• _Exercise objective_: From the line containing "Fancy Porcelain Bone" to the line containing "Wedding Rings Pillow" in the records below, set down every line exactly as it stands, both ends included, and skip the pictures.

Stored entries
***
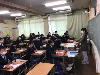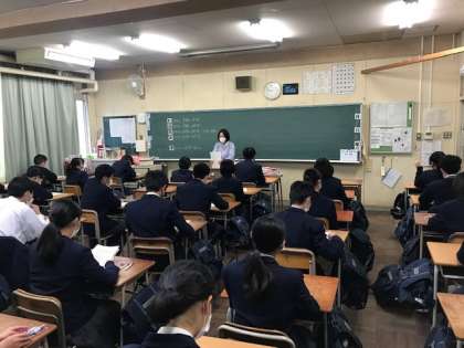 社国数英理の順でテストが行われます。テスト前の1/2組の様子です
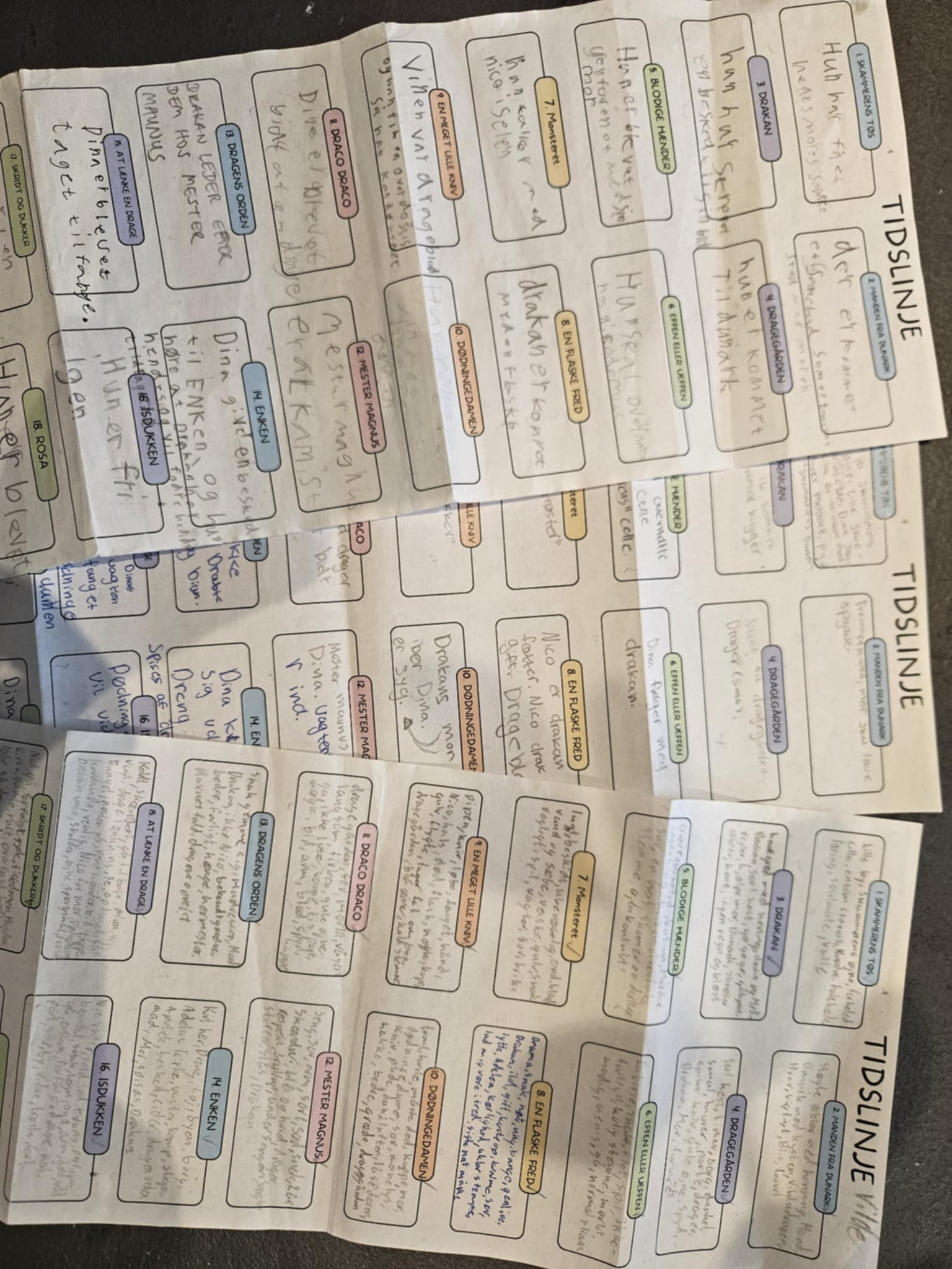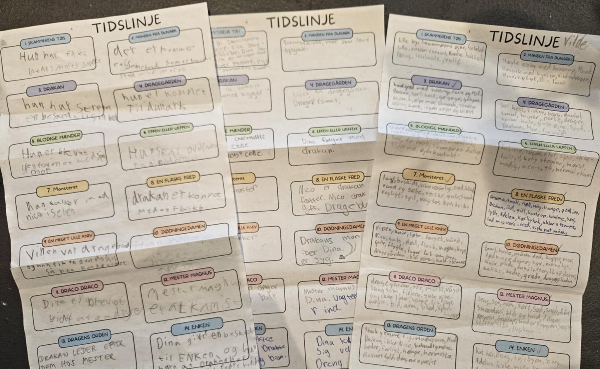 Eleverne skulle i grupper vælge og planlægge den scene, de ville opføre. Og her blev hukommelsen hjulpet godt på vej af bogmærker, hvorpå eleverne havde skrevet noter til hvert kapitel undervejs i læsningen.
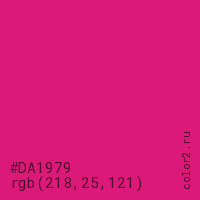 Цвет #DA1979 в цветовой модели RGB обозначается тремя октетами (218, 25, 121) в десятичном формате и #DA1979 в шестнадцатиричном (hex) формате, которые являются интенсивностью красного 218 (hex DA), интенсивность зелёного 25 (hex 19) и интенсивность синего 121 (hex 79).
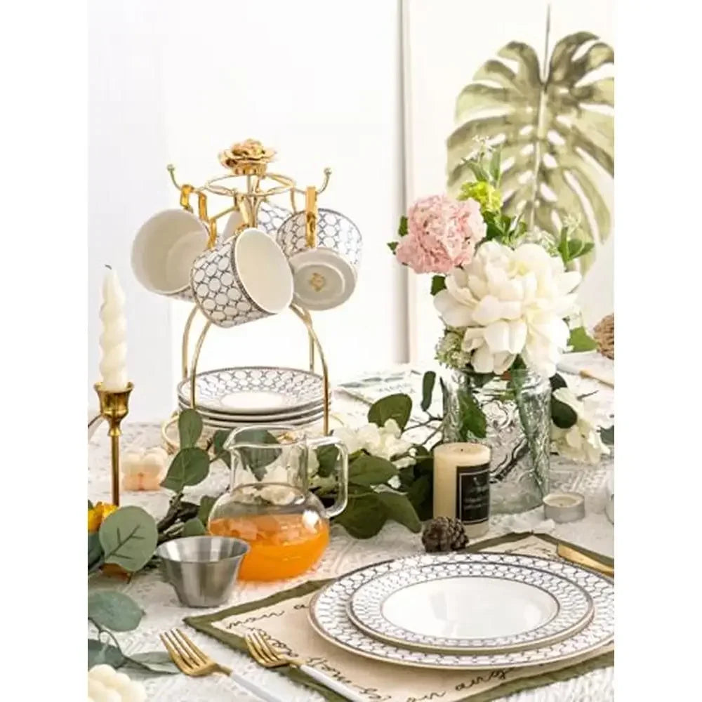 Fancy Porcelain Bone China Afternoon Tea Cup and Saucer Set for 4
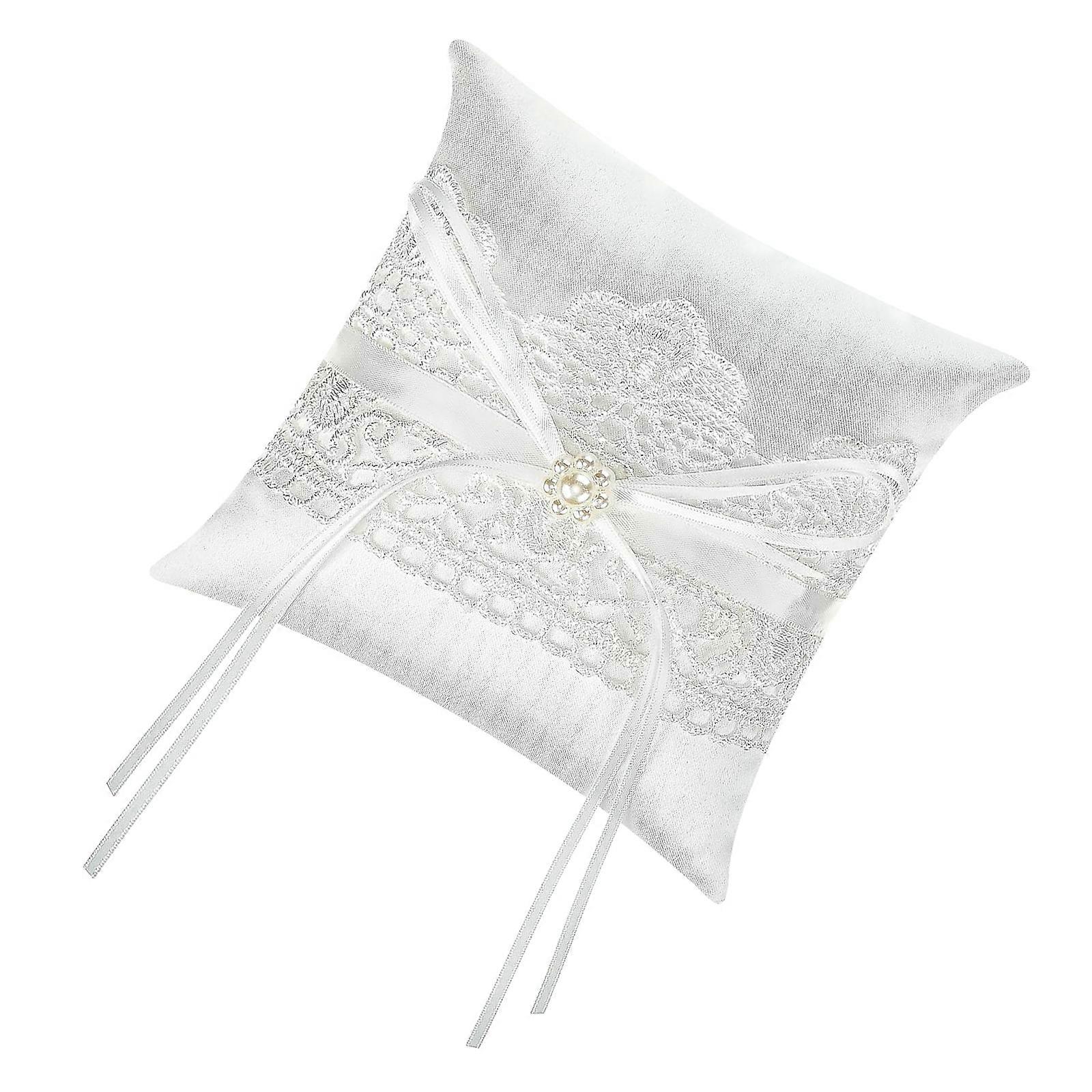 Wedding Rings Pillow with Lace Bowknot Pearls Rings Bearer Satined Bride Rings Cushion For Anniversaries And Special Event Multicolor
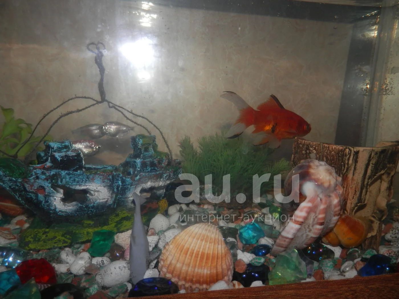 Аквариум с украшениями красивые зеркальные камешки, ракушки необычные и т.д. , 5 рыбок, 2 улитки и их детки, свет, фильтр, сочок, шланг и еда (2 пакета)-все, что нужно!!!
***
• _Answer for the task_:
 Fancy Porcelain Bone China Afternoon Tea Cup and Saucer Set for 4
 Wedding Rings Pillow with Lace Bowknot Pearls Rings Bearer Satined Bride Rings Cushion For Anniversaries And Special Event Multicolor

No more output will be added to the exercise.